Celebrating Cindy

Two years ago I stumbled across a website called www.MyNerdGirl.com and when I did, I started a long distance friendship with the site’s founder Cindy Marie Harney (aka Cindy Chaney). In April 2009 I published an interview with Cindy on The Magical Buffet website. This introduced my readers to a vivacious woman. An intelligent woman willing to take risks with a great sense of humor. The very next month I learned that my new friend suffered from Lupus, and so despite my publicly documented aversion to raising money for walk/runs for causes, I personally donated to Team Cindy and encouraged others to do so.

Although absent from the site in 2010, Cindy and I still kept in touch thanks to the all powerful Facebook. Even though I knew she was struggling with her health, she always projected a positive, upbeat image. While I gripe about my endless strings of doctor’s appointments, Cindy would publicly celebrate her new adjustable bed or upgraded scooter. I admired, and was jealous of, her always glass half full outlook.
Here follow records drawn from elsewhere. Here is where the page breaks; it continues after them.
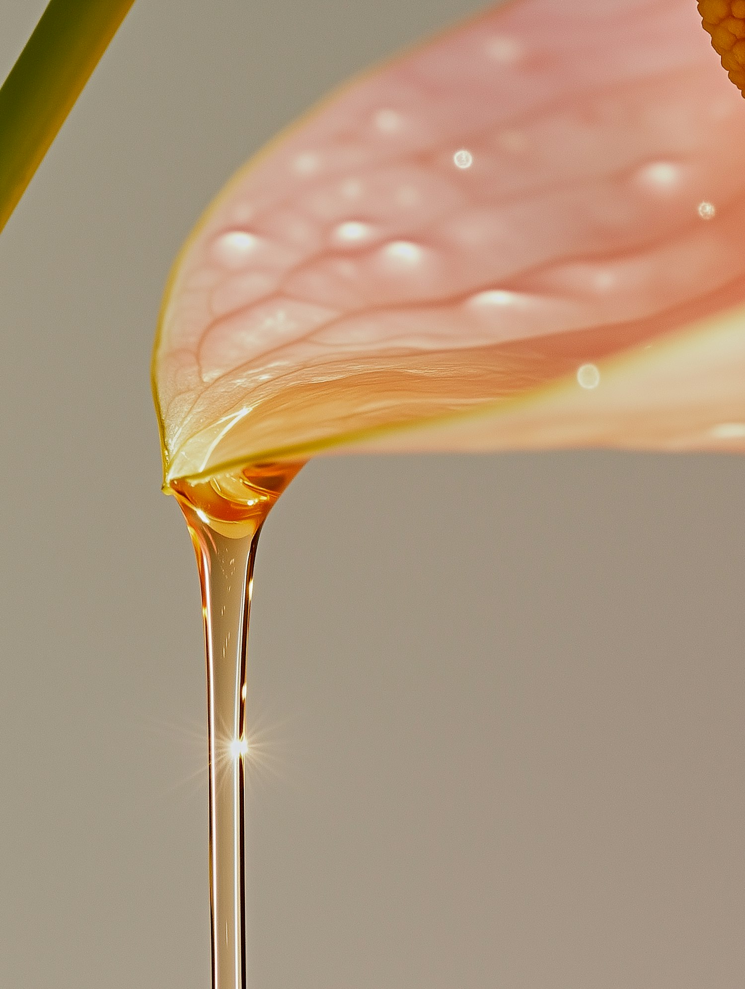 Close-up of a pink anthurium flower with golden liquid dripping elegantly, reflecting light in a serene, artistic composition.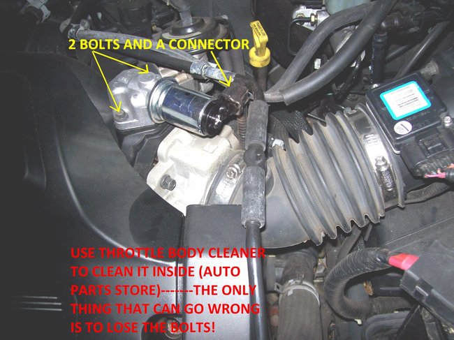 The IAC is kind of on top of the throttle body and has 2 bolts.
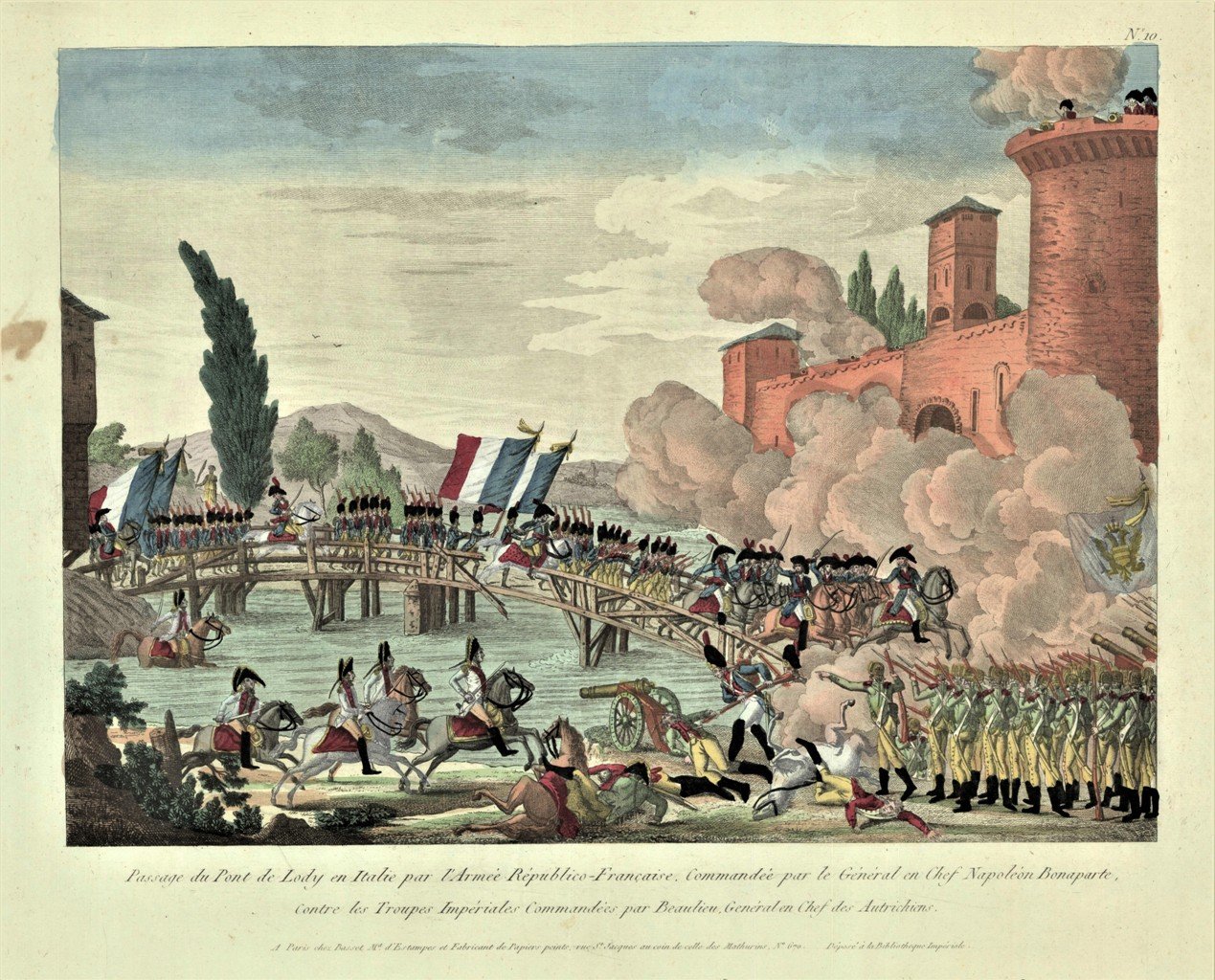 Passage du Pont de Lody en Italie par l'Armée Républico-Francaise. Commandée par le Général en Chef Napoléon Bonaparte.

In April 2011 Cindy reappeared on The Magical Buffet, again when raising money for Team Cindy’s Lupus walk/run. When I first learned of Cindy’s Lupus she had difficulty walking for extended periods and had to give up dancing, by this year she was suffering from stage four kidney and lung failure and was unable to attend the walk personally. However Cindy had been writing, and she approached me about publishing one of her essays on The Magical Buffet. In June of this year “What I Learned from Bin Laden” was published on the site. “Bin Laden” shared a part of her past I had never known and revealed Cindy to be, in spite of everything, an idealist and dreamer. She ended the essay quoting John Lennon and saying, “Perhaps if we are able to operate in the consciousness of total oneness and abundance, and without the need, desire, and want to compete, then we could have peace. As I write this I am making a pledge to myself to never let others make me question what I know is right, to be true to my soul, to allow myself to imagine what Lennon envisioned, to not let others fear influence me, and to wave my PACE flag for the entire world to see. Will you join me?” Cindy’s essay boasted some of the highest numbers in readers and commenters ever for a post on the site.
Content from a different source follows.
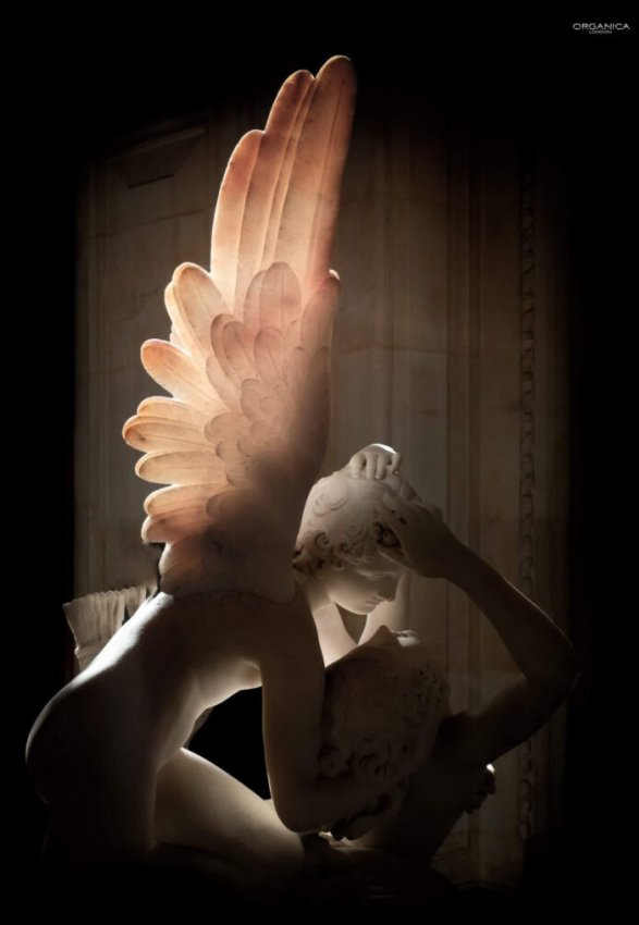 В своей знаменитой скульптуре «Психея, пробуждаемая поцелуем Амура» Канова так мастерски обработал мрамор, что крылья Амура кажутся светящимися. Канова говорил: «Я не умею читать и писать, но с молотком и зубилом пишу поэмы».

Back in April, when hearing about Cindy’s deteriorating health, I wrote, “I can’t read those words and not feel a welling up of rage. I won’t mention anyone by name, but at least one of the women I work with a lot for The Buffet suffers from a chronic pain condition, I myself suffer from several yet to be effectively diagnosed and treated health conditions, and here I find that Cindy, a woman who I would readily describe as one of the ‘best of the best’ is in hospice care. I can’t help but feel there is a war on women right now, and we’re all losing.”

I’m here today with sad news friends, in October we lost, we lost again. Cindy Marie Harney passed away after years of battling Lupus. If you are reading this post at 4pm eastern on Saturday, November 12, 2011, you are virtually attending a memorial being held for friends and family of Cindy’s in Orange, CA. Sadly I could not be there in person, but somehow felt a friendship forged and maintained thanks to the internet being honored online was a fitting substitute.

When reflecting on what to say, I considered going to Cindy’s friends and trying to learn more about her past and life outside of the internet. However I stopped myself. To do so would imply that the friendship we shared online was somehow “lacking”, was somehow not as “special” or “important” as those she had offline. I would never say that, ever. Cindy touched a lot of lives and regardless of whether those people were online or off, she’ll be missed by everyone of us.